Date: Thursday, January 26, 2012
Author: Simon Kerr

Although individual news items can have can have historical significance (such as story number 1 below) the effort here is more to point to the themes and trends at work in the hedge fund industry last year. Here are my top stories for 2011:

1. Big Name Retirements – two of the best known names in the business stopped running other people’s money in 2011. George Soros turned Soros Fund Management into a family office in the middle of the year, allowing him to have some involvement, even if he is not the CIO at 81 years of age.

Bruce Kovner has handed over the investment reins at Caxton Associates to Andrew Law, and the macro maven is retiring. The extent of his future involvement in the $9.4bn firm is not clear at this point.

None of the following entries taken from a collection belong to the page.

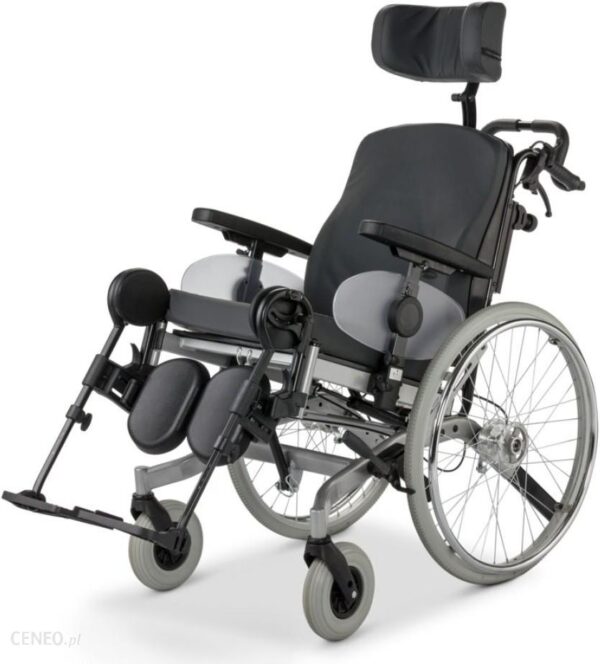 Wózek stabilizujący Solero Light firmy MEYRASpecjalistyczny wózek przeznaczony do pielęgnacji osób starszych oraz chorych zarówno w domach opieki, hospicjach jak i w ogniskach domowych.W wózku Solero Light zastosowano anatomiczne siedzisko oraz specjalne oparcie, dzięki czemu można go użytkować komfortowo przez wiele godzin, zapewniona jest stabilna pozycja dla chorego. Wózek posiada wiele możliwości regulacji, w tym wysokości siedziska od podłoża w zakresie od 39 do 52 cm, a także kąta siedziska od -8 do 26 stopni, kąta oparcia pleców od -8 do 35 stopni, kąta podnóżków wraz z automatyczną regulacji długości podudzia. W ten sposób można dopasować wózek do indywidualnych potrzeb użytkownika.Firma Meyra bardzo przykłada uwagę do komfortu użytkowania, wózek posiada podnóżek dzielony z opcją długości kąta i możliwością stabilizacji łydek – taka opcja bardzo ułatwia korzystanie z wózka zwłaszcza osobom starszym. Wózek mimo swoich gabarytów jest zwrotny i przyjazny dla użytkownika i opiekuna. Zdejmowana wodoodporna tapicerka ułatwia dbanie o czystość wózka. Zagłówek ma możliwość regulacji wysokości, długości i kąta pochylenia.Niemieccy inżynierowie stworzyli doskonały wózek dla osób z niestabilnym tułowiem, szczególnie dla pacjentów z paraliżem lub niedowładem czterokończynowym , trzykończynowym, dla osób po udarach oraz z SM.CECHY PRODUKTU:stała ramasiedzisko anatomicznepłynna regulacja kąta oparcia 30˚ płynna regulacja kąta siedziska oraz podnóżkówzdejmowana, wodoodporna tapicerkazagłówek z regulacją wysokości, długości i kąta pochyleniaboczek wyjmowany z regulacją długości, wysokościpodnóżek dzielony z regulacją długości i kąta ze stabilizacją łydekkoła tylne pełne rozmiar 24 1³/₈”koła przednie pełne 20x5hamulce dociskowekolor ramy srebrnyOpcjonalnie wózek może posiadać peloty, klin, a także stolik i uchwyt na laskę czy kulę. Dostępny jest także w opcji transportowej, z kołami tylnymi o wielkości 12”.Cena dotyczy wózka w wersji podstawowej, wszelkie opcje dodatkowe są płatne (ceny podane są w formularzu poniżej – prosimy wypełnić w razie zainteresowania).FORMULARZ ZAMÓWIENIA NA DODATKOWE OPCJESzerokość siedziska (cm) 43 – 46 / 48 – 51Szerokość wózka (cm) min. 62Głębokość siedziska (cm) 42 – 48Wysokość siedziska (z poduszką) (cm) 44 (52)Wysokość całkowita (cm) 104 – 118Wysokość oparcia (cm) 53 – 56Kąt oparcia 0˚+31˚Kąt nachylenia siedziska -2˚ – 25˚Wysokość podłokietników (cm) 21 – 27Długość z podnóżkiem/bez podnóżka (cm) 118 / 91Tylne koła średnica 24”Minimalna waga wózka (kg)* 38Maksymalne obciążenie (kg) 130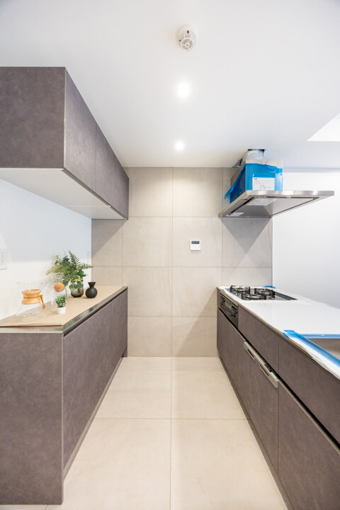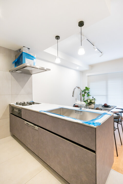 キッチンは、リビングダイニングを見渡しながら料理ができる対面式です。家族や来客とのコミュニケーションも取りやすくて◎。
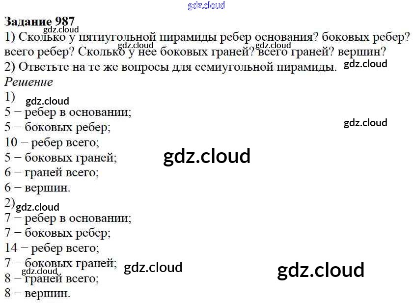 Ответ на задание 987 Учебник Математика за 5 (пятый) класс Дорофеев, Шарыгин, Суворова, Бунимович, Кузнецова, Минаева, Рослова 2015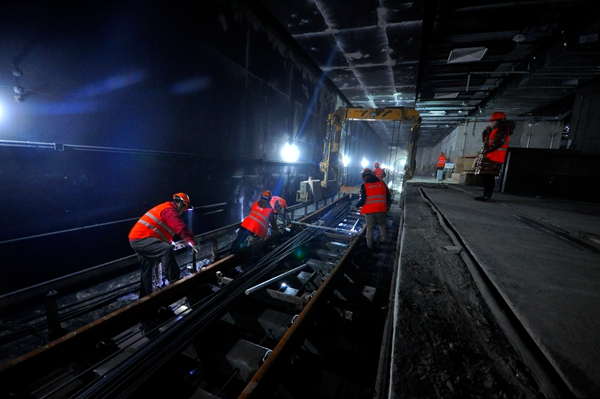 安全是地鐵建設(shè)的重中之重。地鐵人反復(fù)對軌道進(jìn)行軌距測量和矯正,確保鋼軌間距始終保持一致,保障車輛通行安全。軌距測量和矯正需要地鐵人齊心協(xié)力、密切配合,長期的協(xié)同工作練就了他們之間的默契。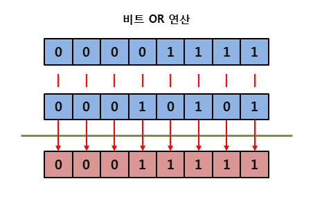 다음 그림은 비트 OR 연산자(|)의 동작을 나타낸다.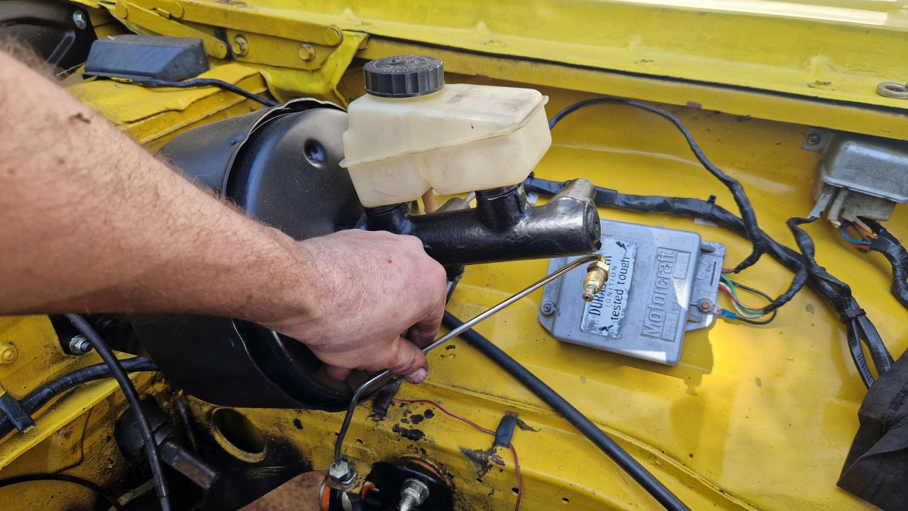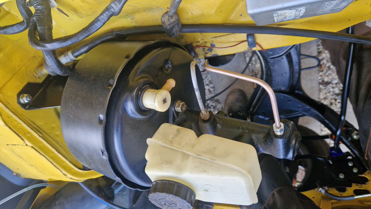 Z trójnika kolejna rurka prowadziła do pompy hamulcowej, ale serwo jest większe, a pompa inna, więc nie pasuje.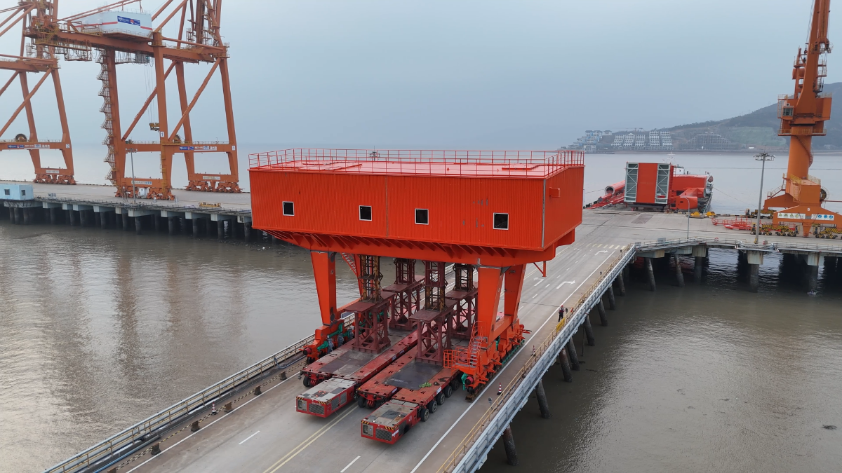 3800t—107m双主梁门式起重机核心部件在浙江(华东)深远海风电母港码头转运。 温州母港公司 提供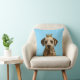 Cachorro no travesseiro decorativo Dourado da Coroa de Ricaso. Um adorável cachorrinho Dalmático sobre um fundo azul claro. Ideal para amantes de animais/cães.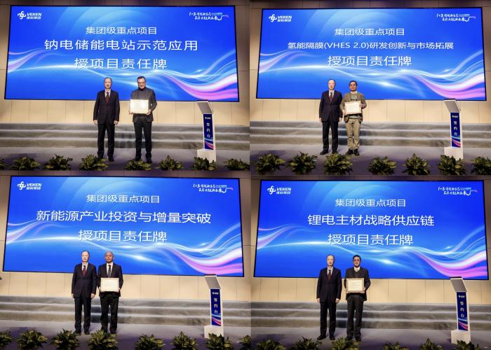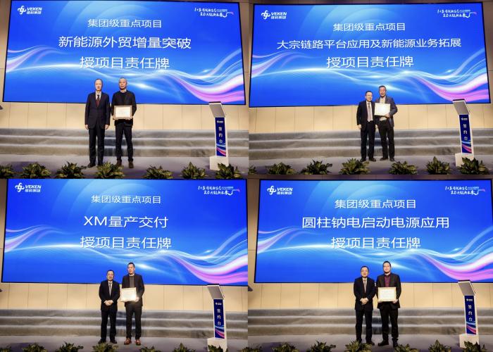 會上,鈉電儲能電站示范應用、氫能隔膜( VHES 2.0)研發創新與市場拓展、新能源產業投資與增量突破、鋰電主材戰略供應鏈、新能源外貿增量突破、大宗鏈路平臺應用及新能源業務拓展、XM量產交付、圓柱鈉電啟動電源應用等八個集團級重點項目的責任人從項目意義、項目目標、團隊成員、項目工作措施、項目存在風險及應對、項目里程碑節點、項目資源需求等方面對項目進行了解碼發布。集團考薪委主任陳總,高新董事長、維科技術考薪委主任呂總對重點項目分別作了對賭考核要求,項目責任人簽署了責任狀,并授予了重點項目責任牌。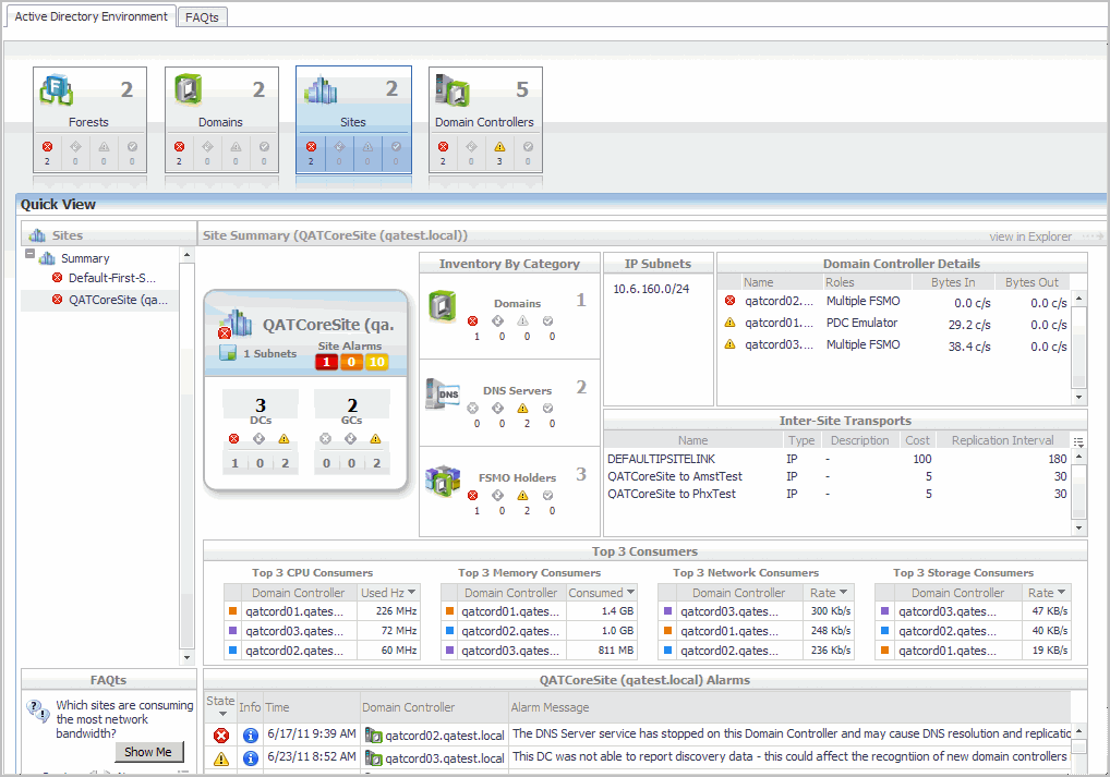 From the Foglight navigation panel, select Dashboards > Active Directory > Active Directory Environment. |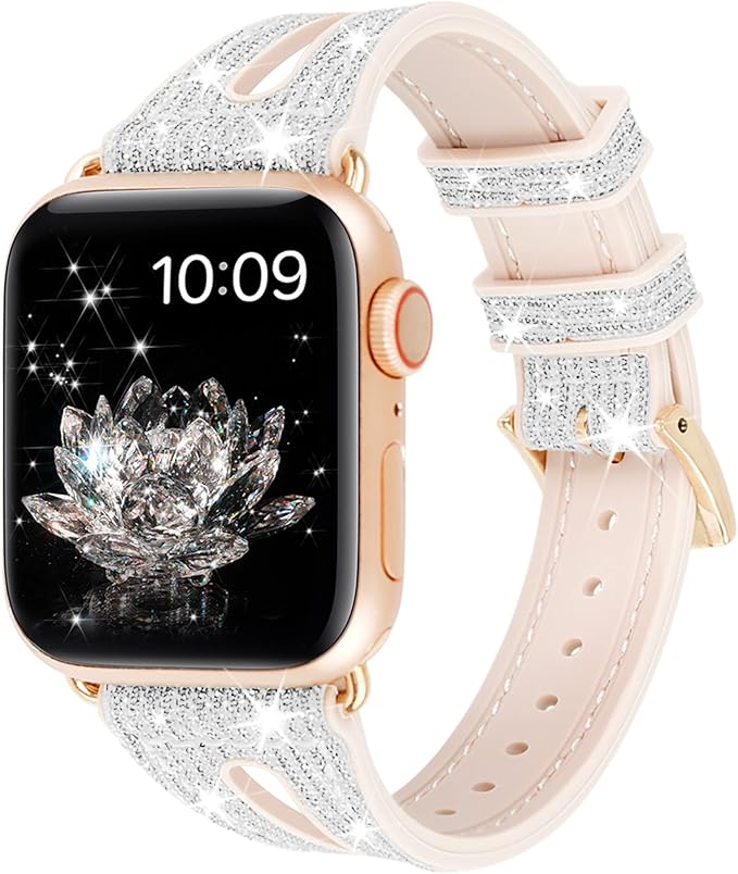 【Daturus】互換Apple Watch バンド シリコンバンド アップルウォッチバンド Ultra series 8/7/6/SE/5/4/3/2/1対応 腕時計ベルト キラキラ 女性向け カジュアル 柔らかい (ホワイト、42mm/44mm/45mm/49mm)

2. Regulatory Body Success in Prosecutions – after much effort over the years, regulators in the United States got some hedge fund scalps of significance in 2011. After the SEC was criticised for its handling of allegations against Pequot Capital Management, the Securities and Exchange Commission need the conspicuous success it achieved in the convictions against the employees and owners of Galleon Management. Galleon founder Raj Rajaratnam was convicted of insider trading and sentenced to 11 years in jail in October. Galleon trader Zvi Goffer, who controlled two insider dealing rings, was sentenced to 10 years in prison and ordered to pay more than $10 million in forfeitures.

The other conspicuous success was the case brought against Chip Skowron, portfolio manager at FrontPoint Partners. The healthcare stock specialist was convicted of insider trading in August and sentenced to 5 years in prison.

3. A Hedge Fund Winner From The Euro Crisis – that classic global macro management can still be effective was demonstrated by Kyle Bass (and Hugh Hendry) last year. Kyle Bass, the principal of Hayman Capital Partners, made capital (both monetary and reputational) out of the sub-prime mortgage imbroglio of 2007-8. It required patience and the ability to structure the trade right. Having demonstrated that trait and that ability in making great returns then, in 2008, Kyle Bass went on to talk about the potential for the indebtedness of some European countries to become an issue of significance. He also identified that the long-dated credit default swaps were a great way to give low cost of carry and a big pay-off. Bass’ patience and insight were rewarded in returns when the structural flaws of the European project became clear to everyone in 2011.

The classic global macro set-up of a structural imbalance and an option like pay-off was also successfully used by another contrarian, Hugh Hendry. Hendry shares with Kyle Bass a wariness of fiat currencies, but his pay off in 2011 came from sharing the trait of patience. The manager of the Eclectica Fund had pointed out some problems with the phenomena of Chinese growth in 2008, and in 2010 he began last year to short highly-cyclical Japanese corporate credits with high exposure to Chinese demand. The Eclectica Fund was up over 12% for the year by early December of last year.


4. King Quants Come Back – several of the hedge fund industry leaders made money for their investors applying quantitative techniques to markets, but the crowns of these kings of the algorithms have been tarnished by the aftermath of the quant shock of August 2007. The archetype has been the Goldman Sachs Global Alpha fund. The two founders of the research process behind the product, Mark Carhart and Raymond Iwanowski, left Goldmans in 2009, and the fund itself was closed in the fourth quarter of 2011.

But not every quant outfit has followed a route of inexorable decline. It was commented here last year that Renaissance Technologies Corporation, founded by Jim Simons, was back on form, and the Renaissance flowering was sustained into 2011. The Renaissance Institutional Equities Fund International Series B was up 32.47% through the end of November 2011.

The quant turnaround of 2011 was D.E. Shaw & Company. The firm had had a rough time post credit crunch. Asset growth is a function of returns, and returns for 2011 were excellent at D.E. Shaw & Co: the firm’s multi-strategy Oculus fund was up 18.3% for 2011 (through the end of November), and the flagship Composite Fund was up 3.8% over the same period. AUM at D.E. Shaw went from $14bn at the end of 2010 to $16.5bn in the 4Q of 2011.